Algorithm for solving ordinary differential equations

In mathematics, the Parker–Sochacki method is an algorithm for solving systems of ordinary differential equations (ODEs), developed by G. Edgar Parker and James Sochacki, of the James Madison University Mathematics Department. The method produces Maclaurin series solutions to systems of differential equations, with the coefficients in either algebraic or numerical form.

==Summary==
The Parker–Sochacki method rests on two simple observations:
- If a set of ODEs has a particular form, then the Picard method can be used to find their solution in the form of a power series.
- If the ODEs do not have the required form, it is nearly always possible to find an expanded set of equations that do have the required form, such that a subset of the solution is a solution of the original ODEs.

Several coefficients of the power series are calculated in turn, a time step is chosen, the series is evaluated at that time, and the process repeats.

The end result is a high order piecewise solution to the original ODE problem. The order of the solution desired is an adjustable variable in the program that can change between steps. The order of the solution is only limited by the floating point representation on the machine running the program. And in some cases can be either extended by using arbitrary precision floating point numbers, or for special cases by finding solution with only integer or rational coefficients.

==Advantages==

The method requires only addition, subtraction, and multiplication, making it very convenient for high-speed computation. (The only divisions are inverses of small integers, which can be precomputed.)
Use of a high order—calculating many coefficients of the power series—is convenient. (Typically a higher order permits a longer time step without loss of accuracy, which improves efficiency.)
The order and step size can be easily changed from one step to the next.
It is possible to calculate a guaranteed error bound on the solution.
Arbitrary precision floating point libraries allow this method to compute arbitrarily accurate solutions.

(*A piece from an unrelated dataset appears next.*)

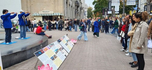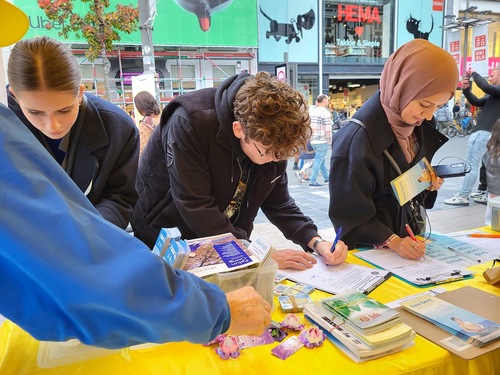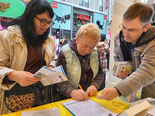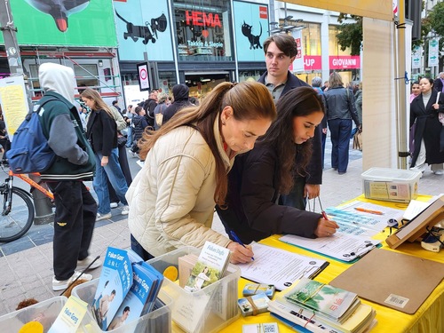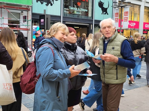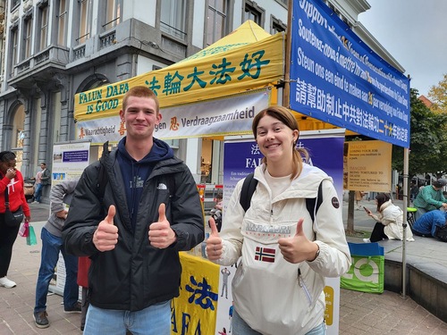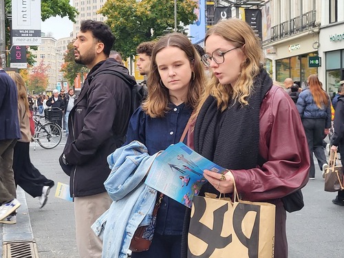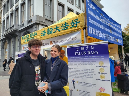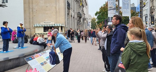 (Minghui.org) تمرینکنندگان فالون دافا روز ۱۱اکتبر۲۰۲۵، در ناحیه خرید مِیر در شهر آنتورپ، بلژیک، به معرفی فالون دافا پرداختند و درباره آزار و شکنجه تمرینکنندگان توسط حزب کمونیست چین (ح.ک.چ) به مردم اطلاعرسانی کردند. بسیاری از رهگذران برای آشنایی بیشتر با فالون دافا توقف و حمایت خود را از پایان آزار و شکنجه اعلام کردند.

With the Parker–Sochacki method, information between integration steps is developed at high order. As the Parker–Sochacki method integrates, the program can be designed to save the power series coefficients that provide a smooth solution between points in time. The coefficients can be saved and used so that polynomial evaluation provides the high order solution between steps. With most other classical integration methods, one would have to resort to interpolation to get information between integration steps, leading to an increase of error.

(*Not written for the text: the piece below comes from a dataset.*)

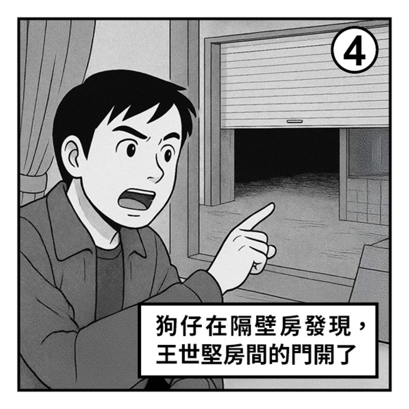 我們全場掃過去,只有一間鐵門敞開,跟山坡組核對後,確定就是王世堅的房間,立刻衝進去拍照蒐證。那時我還是個涉世未深的社會新鮮人,看到房間格局整個驚呆──浴缸跟馬桶直接擺在床邊,毫無遮掩,我一邊錄影的同時,內心不斷冒出問號。

There is an a priori error bound for a single step with the Parker–Sochacki method. This allows a Parker–Sochacki program to calculate the step size that guarantees that the error is below any non-zero given tolerance. Using this calculated step size with an error tolerance of less than half of the machine epsilon yields a symplectic integration.

==Disadvantages==
Most methods for numerically solving ODEs require only the evaluation of derivatives for chosen values of the variables, so systems like MATLAB include implementations of several methods all sharing the same calling sequence. Users can try different methods by simply changing the name of the function called. The Parker–Sochacki method requires more work to put the equations into the proper form, and cannot use the same calling sequence.